Страница 6 из 257
До этого порога в беседах, начатых в 1993 году после первых публицистических книг Распутина, еще нет-нет, но звучала нота надежды, и он к концу непременно норовил утешить себя и нас, что безумие поразило не весь организм, что живые клетки еще есть. А уж как «сошла Россия с орбиты», так он уже больше себя надеждой не обманывал, а глядел только мужественней и горше. Да ведь и то! Повторять ли, что заводы умерли, отдав свои цеха под супермаркеты и развлекательные центры, что «земля стала безвидна и пуста», как до сотворения, что телевидение окончательно простилось со старыми нравственными институтами, уже и не скрывая своей брезгливости к нам, перепроизводство литературы окончательно смыло границу между высоким и низким и Россия окончательно перестала быть «удерживающей силой» не только для мира, а и для самой себя.
Слух привык, и душа уже не кричит, читая у Валентин Григорьевича: «Земельный кодекс с правом продажи земли - это только начало, приоткрытая дверь, но приоткрытая, больше уже не запертая...»
«Россию старательно, как чумазую Золушку, преображают в глобализированную принцессу, чтобы ехать на бал Сатаны».
«Что касается интеллигенции - нет в России больше интеллигенции в той роли и служении, какой она была прежде» (все его еще недавние надежды на то, что она продолжит служение Сергия и Серафима, изменили ему).
«Элитарщина окончательно освободилась от всего, что называется служением Отечеству, освободилась от всяких обязанностей перед народом и добровольно заглушила в себе голос совести».
Мастера духовного растления так вышколили нас за эти двадцать лет, что нам о правде, достоинстве и традиции уже и говорить неловко: «Опять вы за свое?

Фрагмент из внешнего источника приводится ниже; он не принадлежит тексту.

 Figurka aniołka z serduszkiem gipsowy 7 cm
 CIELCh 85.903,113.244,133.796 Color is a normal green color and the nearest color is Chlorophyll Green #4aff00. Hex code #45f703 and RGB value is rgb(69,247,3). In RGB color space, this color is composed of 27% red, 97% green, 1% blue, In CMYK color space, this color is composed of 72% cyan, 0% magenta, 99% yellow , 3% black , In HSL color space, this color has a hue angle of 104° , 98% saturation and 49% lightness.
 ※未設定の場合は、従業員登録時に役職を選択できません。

Сколько можно?» А мы уж будто и стесняемся сказать: да потому и можно, что за свое, за наше, расхищенное потерявшим стыд русским человеком, простившимся со своим преданием, со своими устоями. Устали и смиряемся, чего говорить - свои и так все знают, чего их лишний раз бередить, а ТЕМ наши печали - не печали. Они построили свое, «свободное» от нравственных обязательств государство и уж гордиться им научились: слава Богу, у нас «гражданское общество», не «застой» какой-нибудь... Ну а что землей торгуют напропалую и теснят уже и святые для народного сердца Михайлов -ское и Бородино, Ясную и Архангельское, Константиново и Абрамцево, так у вас Общественная палата есть, Общество охраны памятников - давайте смелее! А что законы «резиновые», так предлагайте свои поправки - Дума рассмотрит.

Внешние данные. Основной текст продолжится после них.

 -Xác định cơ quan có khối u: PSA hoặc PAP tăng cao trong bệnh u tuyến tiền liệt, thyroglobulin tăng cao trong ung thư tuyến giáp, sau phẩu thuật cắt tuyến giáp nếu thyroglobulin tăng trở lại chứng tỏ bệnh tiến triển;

Получаю я, как член Общественной палаты, план Думы на полугодие и не знаю, смеяться или негодовать -чуть не каждое заседание посвящено вопросу о «внесении поправок». День за днем, год за годом - «о внесении поправок». А потом за закон берется Общественная палата, приступает к своим уточнениям и возвращает на доработку, чтобы Дума могла приступить к следующему «внесению поправок». Всякий закон в конце концов становится похож на «Воронью слободку» из сотни пристроек, и там всякий найдет себе уголок, оправдывающий необходимое умному чиновнику своеволие. Конечно, какая уж тут традиция, какая память, какая история, какое Отечество.

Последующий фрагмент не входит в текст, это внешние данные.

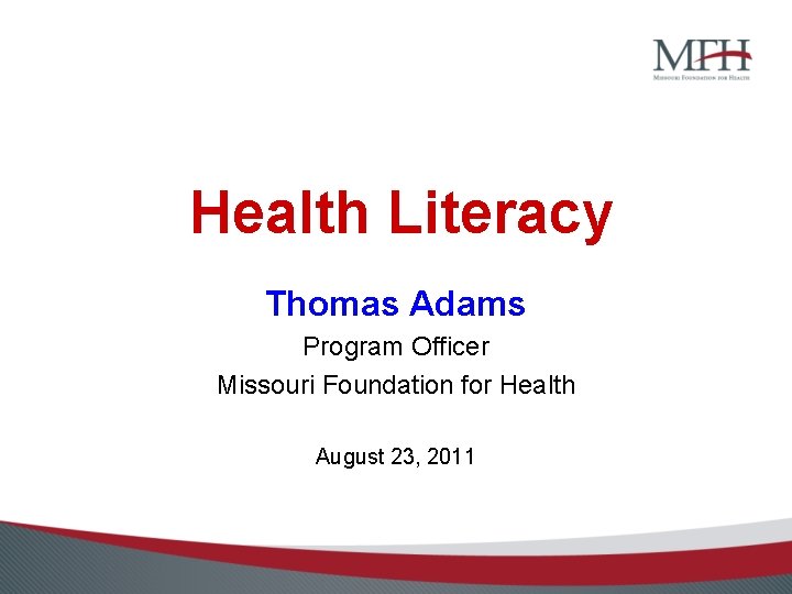 Health Literacy Thomas Adams Program Officer Missouri Foundation

А у меня все нейдут из памяти слова Альбера Камю: «Если бы я написал книгу о нравственности, в ней было бы сто страниц и девяносто пустых, а на сотой было бы написано: я знаю только один закон - любить, а на остальных страницах я говорю “нет”, пока хватит сил».
Все творчество Валентина Григорьевича Распутина было одним этим законом «любить», который и соединял нас в одно сердце, пока соблазны своеволия и обольщения «цивилизованного человечества» не изломали вековечную систему ценностей. И тогда осталось одно: пока хватит сил, говорить «нет», каким «нет» и стала эта книга. Горе времени, оставляющему по себе такие свидетельства.
От усталости можно было прийти в отчаяние (и он часто приходил), можно было укрыться в крепости правоты «я говорил!» и жить «на проценты» со своей прозорливости. Но это тоже было бы о ком-то другом. Он никогда не бегал ни от времени, ни за временем. Жил, как Бог поставил («В старые времена я наверняка был бы на стороне старообрядцев. По консервативному своему складу характера и ума, по согласию с аввакумовским принципом: “До нас положено, лежи оно так во веки веков”. Я даже в юности узких брюк не носил, и не потому, что комсомол не велел, а потому, что мне это казалось нарочитым, вздорным. Понимая прекрасно, что это невозможно и вредно - находиться “за железным занавесом” от Запада, я втайне тоскую по нему: сколько доброго было бы не изгажено!» - писал он мне 22.12.96).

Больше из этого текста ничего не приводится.